例えるならば、チートアイテムを手に入れた村人Dが調子に乗って、因縁の魔王と勇者の戦いに突如乱入して、そのまま魔王を倒してしまった感じ。結果としては良いんだろうけども変な空気になっちゃう奴。男は子供の頃からそんなきまずい空気が大の苦手だった。
傍から見ればちっぽけな後悔で眠れぬ夜を過ごした男。しかし、朝になって会った邪無は嫌な顔をするどころか、憑き物が取れたような爽やかな笑顔で、男に感謝の言葉を口にした。そこに居たのは、昨日の不遜で傲岸な大魔道士の彼とは全く違う、穏やかに微笑む中年男性だった。ただ、口調すら変わっていたのは不気味だったが。
「家に帰ってきた後、マーガレットと話し合いました。そこで、過程はどうあれウォーが私達の前から姿を消したという事実を今は喜ぶべきだと決めたのです」
(自分がウォーを消したことは気にしないでいてくれるようだ)その言葉を聞いて男は胸をなでおろす。だが、続けざまに邪無が言った言葉に彼は耳を疑った。それは、彼にとってまさに僥倖だった──
さて、馬具を取り付けていた男は、その手を止めると深々と頭を下げた。「いえ。私こそお世話になりました。

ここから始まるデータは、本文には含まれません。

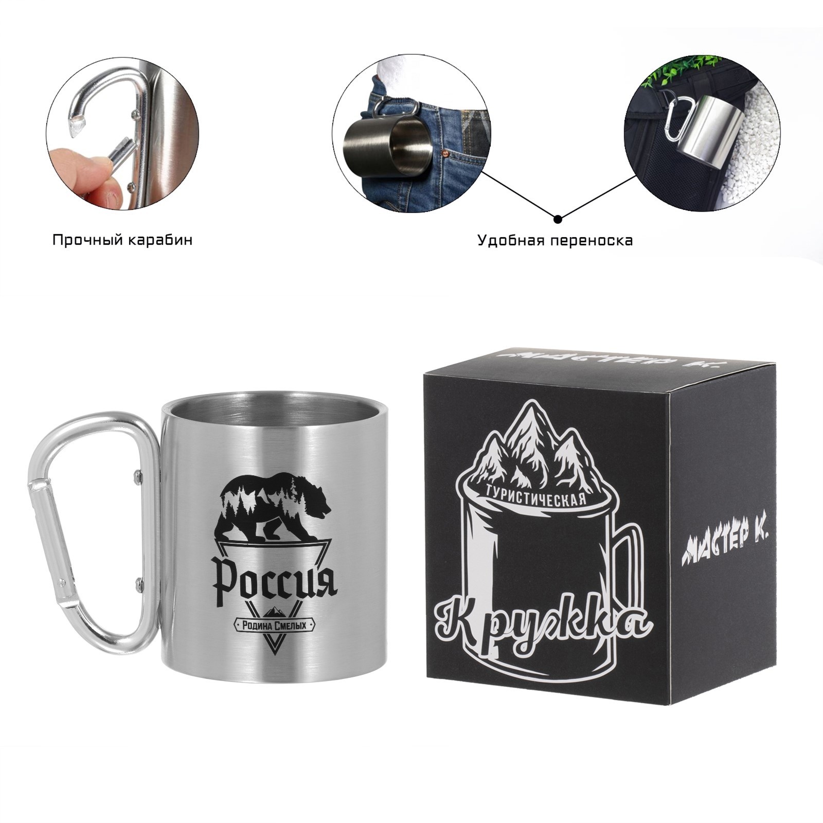 Термокружка, 180 мл, карабин "россия - родина смелых", 7.5 х 10.5 см

しかし、まさか邪無殿のレシピを譲って頂けるとは……本当によろしいんですか?」
なんと、邪無は事件解決のお礼としてパンのレシピを譲ると申し出てきたのだ。それは男にとって願ってもいない提案。なにしろ、男はこの状況でどうやってレシピを手に入れようか思考を巡らせていたところだ。
結局二つ返事でパンのレシピを譲り受けた男だったが、もちろん疑問もあった。レシピとは料理人や職人にとっては、命の同等に大切なもの。何故、邪無はそれを突然譲ろうと言う気になったのだろう。男は訊ねたが、彼は微笑んだまま「それは、私達にはもう必要の無いモノですので」と答え、それ以上は何も語らなかった。

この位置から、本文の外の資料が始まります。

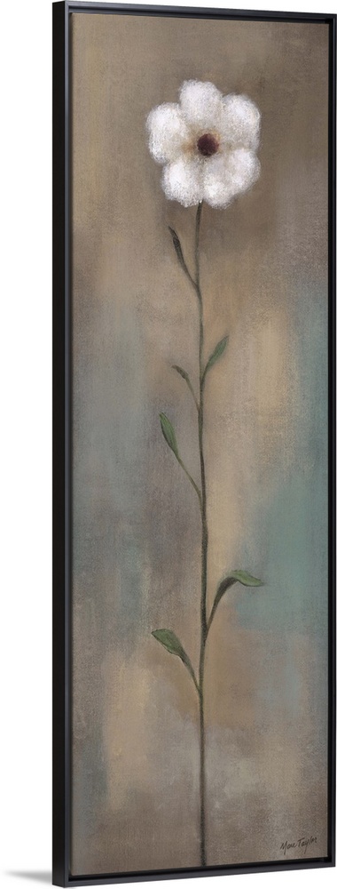 <p>Contemporary painting of a single white flower with a long stem against an earth toned background.</p>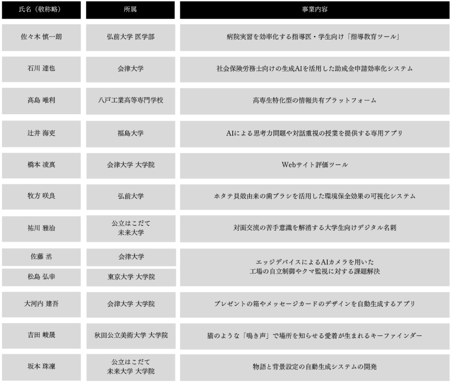 「アオタケプロジェクト (※1)」は、福島県と秋田県でスタートアップを目指す若手人材の発掘と支援を行うプロジェクトとして、2023年9月に始動。同エリアで起業を目指す学生を対象に、創業初期の支援、事業の展開フェーズごとの適切な環境、人員の確保、ネットワーク形成などのサポートを行って参りました。プロジェクト二年目を迎えた昨年度は、福島、秋田県に加え青森県の学生が参画。そして、今年度は東北を飛び越え、北海道エリアの 学生も支援対象とし拡大。総勢12名の高専生・大学生がアオタケプロジェクトを通じ、起業を目指し活動を行なってきました。

邪無の態度は少し気になったものの、男はレシピを手に入れられるのならば、自ら語ろうとしない彼に追及する気は無かった。何度も言う通り、男の狙いは邪無のパンのレシピであり、彼の過去やらこれからの人生やらに関わる気など皆無だからだ。むしろ、追求した結果、彼の気に障ってレシピを譲り受けるという約束が無効にされてしまう方が怖ろしい。そう考えた男は話題を変えることにした。
「結局、あの盗賊はなんで消えたんでしょうね」
「本当のところは分かりません。魔法には未知の領域が多いですからね。しかし……これは私の希望的観測に過ぎないのですが」邪無はそう言うと男の馬の顔を撫でながら、つらつらと語り始めた。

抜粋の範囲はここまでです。